2.5 Pieces of a Random Variable

Definition 2.2 (Random Variable, Suite) A random variable is a function \(X : \Omega \rightarrow \mathbb{R},\) such that \(\forall r \in \mathbb{R}, \{\omega \in \Omega\}: X(\omega) \leq r\} \in S\).

There are two key pieces that must exist for every random variable. What are these pieces? The first of these pieces is provided to us in Definition 1.2.1 Random Variable (on page 16). The second is provided to us in Definition 1.2.5 Probability Mass Function (on page 18).

Suppose that a random variable is simple and discrete. For concreteness, you could think of this random variable as the answer to the question, “Is the grass wet outside?”.

  1. What is the sample space?
  2. What is a sensible function that you might use to map from the sample space to real values?
  3. What is a insensible function that you might use to map from the sample space to real values? (A student well-seasoned in Maths might use (and define for the rest of the class) the concept of a bijective function).
  4. If you simply had the values that the random variable function maps to are you guaranteed to be able to describe the entire sample space? Why or why not?
  5. How would you go about determining the probability mass function for this random variable?

2.5.1 Functions of Functions

Why do we say that random variables are functions? Is there some useful property of these being functions rather than any other quantity? What else could they be if not a function?

What about a function of a random variable, which is a function of a function.

Definition 2.3 (Function of a Random Variable) Let \(g : U \rightarrow \mathbb{R}\) be some function, where \(X(\Omega) \subset U \subset \mathbb{R}\). Then, if \(g \circ X : \Omega \rightarrow \mathbb{R}\) is a random variable, we say that \(g\) is a function of X and write \(g(X)\) to denote the random variable \(g \circ X\).

If a random variable is a function from the real world, or the sample space, or the outcome space to a real number, then what does it mean to define a function of a random variable?

  • At what point does this function work? Does this function change the sample space that is possible to observe? Or, does this function change the real-number that each outcome points to?

Example 2.1 (MNIST) Suppose that you are doing some image processing work. To keep things simple, that you are doing image classification in the style of the MNIST dataset.

  • Can someone describe what this task is trying to accomplish?
  • Has anyone done work like this?

However, suppose that rather than having good clean indicators for whether a pixel is on or off, instead you have weak indicators – there’s a lot of grey.
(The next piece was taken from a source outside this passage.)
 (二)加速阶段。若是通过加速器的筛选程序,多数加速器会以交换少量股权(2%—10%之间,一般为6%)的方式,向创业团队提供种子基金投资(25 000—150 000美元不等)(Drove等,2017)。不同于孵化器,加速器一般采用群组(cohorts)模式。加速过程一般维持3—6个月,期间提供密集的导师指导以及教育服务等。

A lot of the cells are marked in the range \(0.2 - 0.3\).

  1. How might creating a function that re-maps this grey into more extreme values help your model?
  2. Is it possible to “blur” events that are in the outcome space? Does this “blurring” meet the requirements of a function of a random variable, as provided above?
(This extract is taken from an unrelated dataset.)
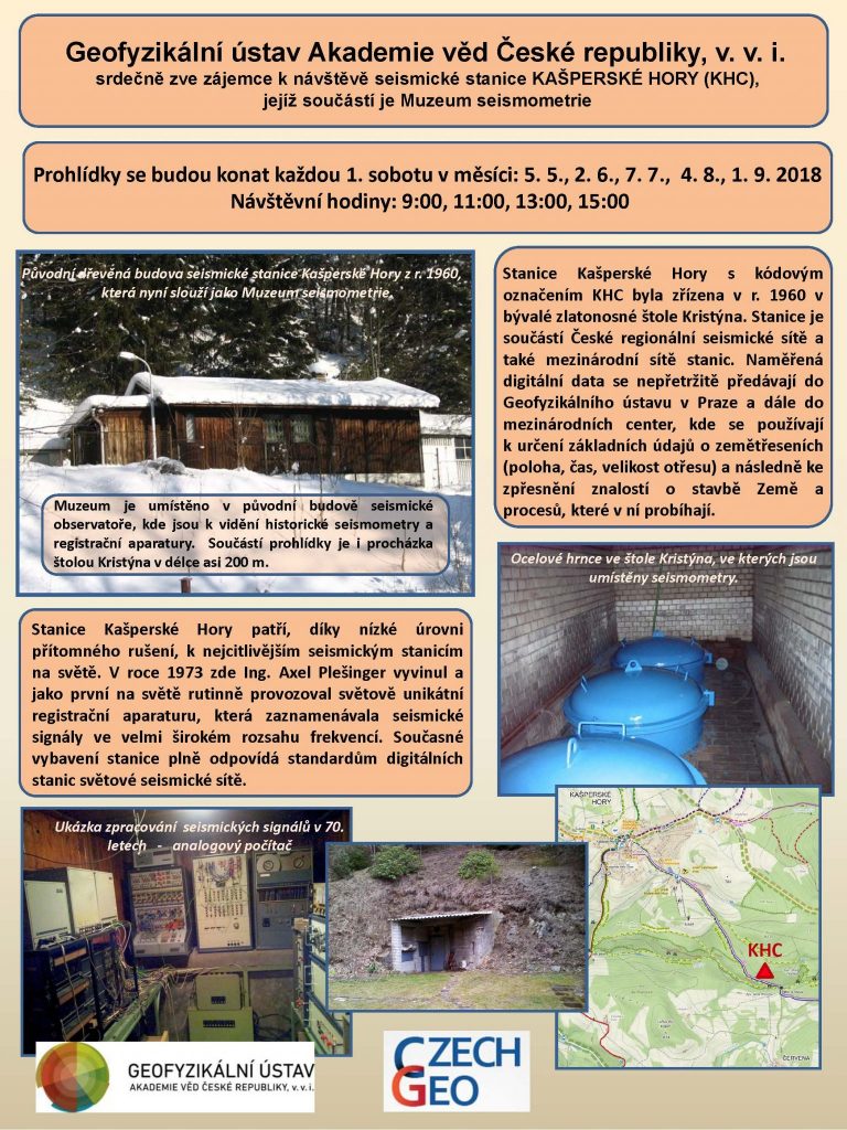 Muzeum seismometrie v Kašperských Horách se v sobotu 1. září 2018 otevře pro zájemce letos naposledy. Prohlídky se konají v 9:00, 11:00, 13:00 a 15:00 hodin. Naši kolegové vás provedou muzeem, ukáží vám historické seismometry a registrační aparatury a zavedou vás do 200 metrů dlouhé štoly Kristýna. Nenechte si tuto příležitost ujít a přijďte na exkurzi.

2.5.2 Probability Density Functions and Cumulative Distribution Functions

  • What is a probability mass function?
  • What do the Kolmogorov Axioms mean must be true about any probability mass function (pmf)?
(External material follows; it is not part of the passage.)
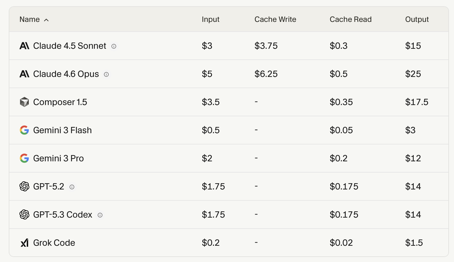 По цене Composer 1.5 находится примерно в середине среди топовых моделей для кодинга. Входные токены стоят $3.5, а выходные — $17.5, что делает его заметно дешевле, чем Anthropic Claude 4.6 Opus с $25 за output и немного дороже Claude 4.5 Sonnet. При этом Composer 1.5 ощутимо дороже универсальных моделей вроде Google Gemini 3 Pro или xAI Grok Code, но и ориентирован на более сложные сценарии с агентным поведением и долгими задачами.

Example 2.2 (Berkeley Drivers, No Survivors) You should try driving in Berkeley some time. It is a trip! Without being deliberately ageist, the city is full of ageing hippies driving Subaru Outbacks and making what seem to be stochastic right-or-left turns to buy incense, pottery, or just sourdough bread.

Suppose that you are walking to campus, and you have to cross 10 crosswalks, each of which are spaced a block apart. Further, suppose that as you get closer to campus, there are fewer aging hippies, and therefore, there is decreasing risk that you’re hit by a Subaru as you cross the street. Specifically, and fortunately for our math, the risk of being hit decreases linearly with each block that you cross.

Finally, campus provides you with the safety reports from last year, and reports that there were 120 student-Subaru incidents last year, out of 10,000 student-crosswalk crossings.

  1. What is the pmf for the probability that you are involved in a student-Subaru incident as you walk across these 10 blocks? What sample space, \(\Omega\) is appropriate to represent this scenario?
  2. Suppose that you don’t leave your house – this is a remote program after all! What is your cumulative probability of being involved in a student-subaru incident?
  3. What is the cumulative probability cmf for the probability that you are involved in a student-Subaru incident?
  4. Suppose that you live three blocks from campus, but your classmate lives five blocks from campus. What is the difference in the cumulative probability?
  5. How would you describe the cumulative probability of being hit as you walk closer to campus? That is, suppose that you start 10 blocks away from campus, and are walking to get closer. Is your cumulative probability of being hit on your way to campus increasing or decreasing as you get closer to campus?
  6. How would you describe the cumulative probability of being hit as you walk further from campus? That is, suppose that you start on campus, and you’re walking to a bar after classes. Is your cumulative probability of being hit on your way away from campus increasing or decreasing as you get further from campus?